Work to complete
Extract the opening line of the entries and every line after it, stopping at and including the line that contains "洗浄をし、汚れを落とすことで塗料の密着性を高めます。". Do not include pictures.

(Stored items)
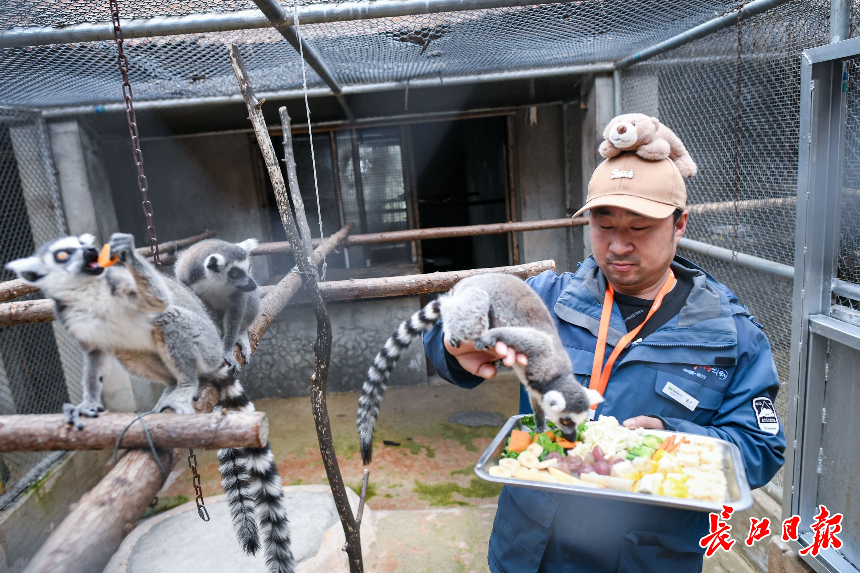 村民祝念在给环尾狐猴喂食。 长江日报记者 史伟 摄
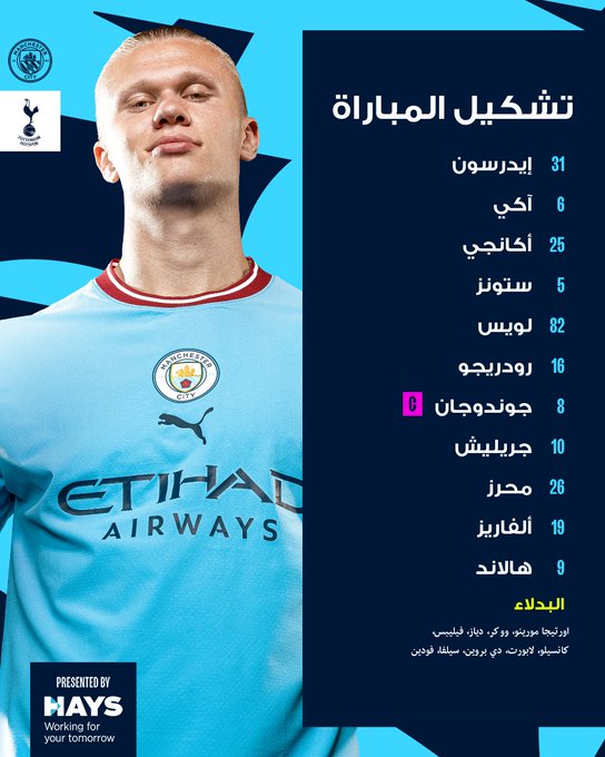 كشف الحساب الرسمي لفريق مانشستر سيتي عن التشكيلة الأساسية التي ستواجه توتنهام هوتسبير.
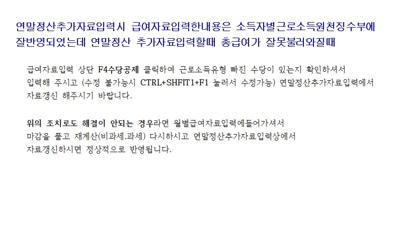 [긴급공지] 연말정산추가자료입력시 총급여가 잘못불러와질때
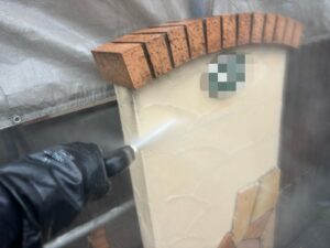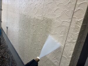 洗浄をし、汚れを落とすことで塗料の密着性を高めます。
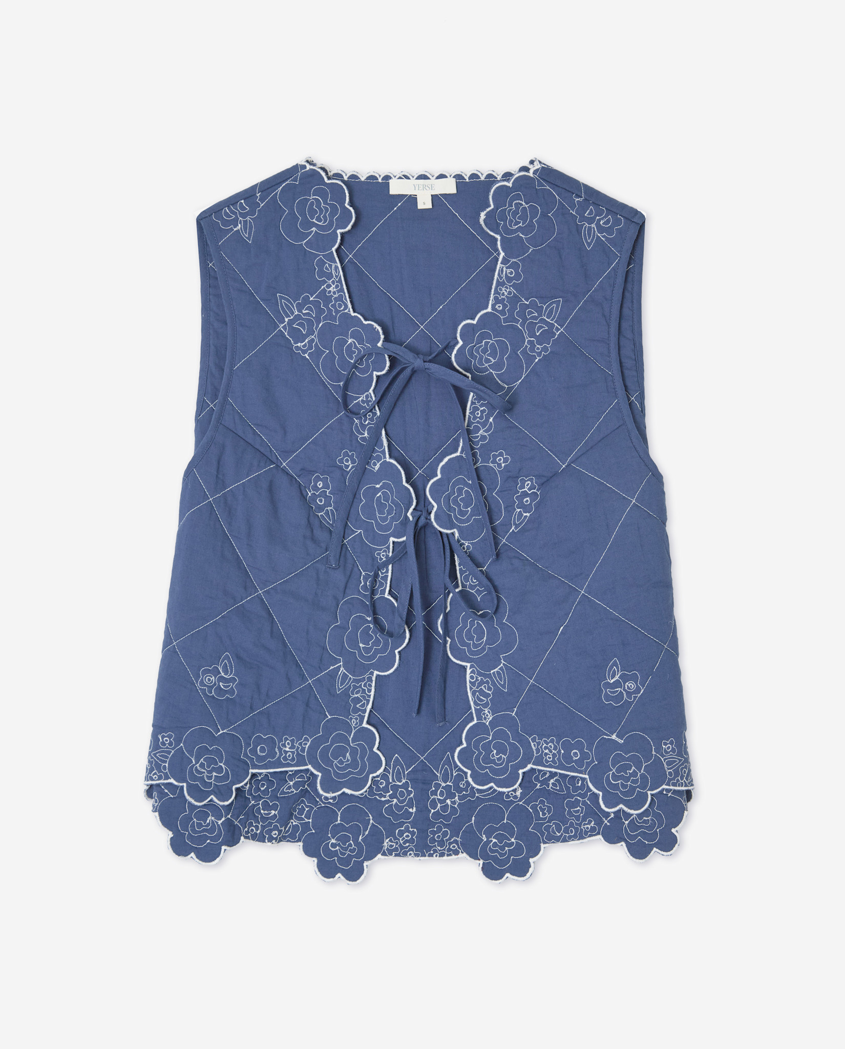 Description du produitCaractéristiques:Coupe régulièreCol VSans manchesLongueur courteMatelassé avec broderies contrastantes et bordures festonnéesSe noue à l'avantComposition:100% CotonRéférence de l'article:Style: 44898-056
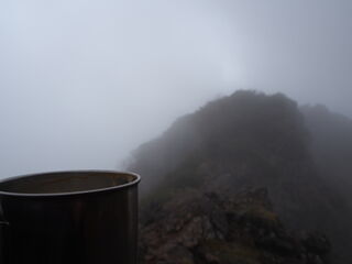 ツクモグサも満喫し、雨が降りそうになってきたので風を避けられる所まで戻ってキャラメルマキアートタイム
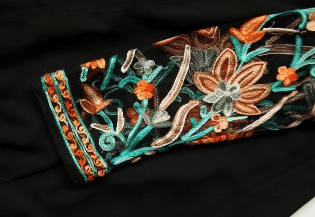 ロングガウン/花柄/レディース/カーディガン/七丈袖/カットソー/UVカット/カーディガン/シフォン/透け感/日焼け防止/海/ビーチ/ロング/UV対策/羽織り/フラワー/フリンジ/刺繍

Solution below
 村民祝念在给环尾狐猴喂食。 长江日报记者 史伟 摄
 كشف الحساب الرسمي لفريق مانشستر سيتي عن التشكيلة الأساسية التي ستواجه توتنهام هوتسبير.
 [긴급공지] 연말정산추가자료입력시 총급여가 잘못불러와질때
 洗浄をし、汚れを落とすことで塗料の密着性を高めます。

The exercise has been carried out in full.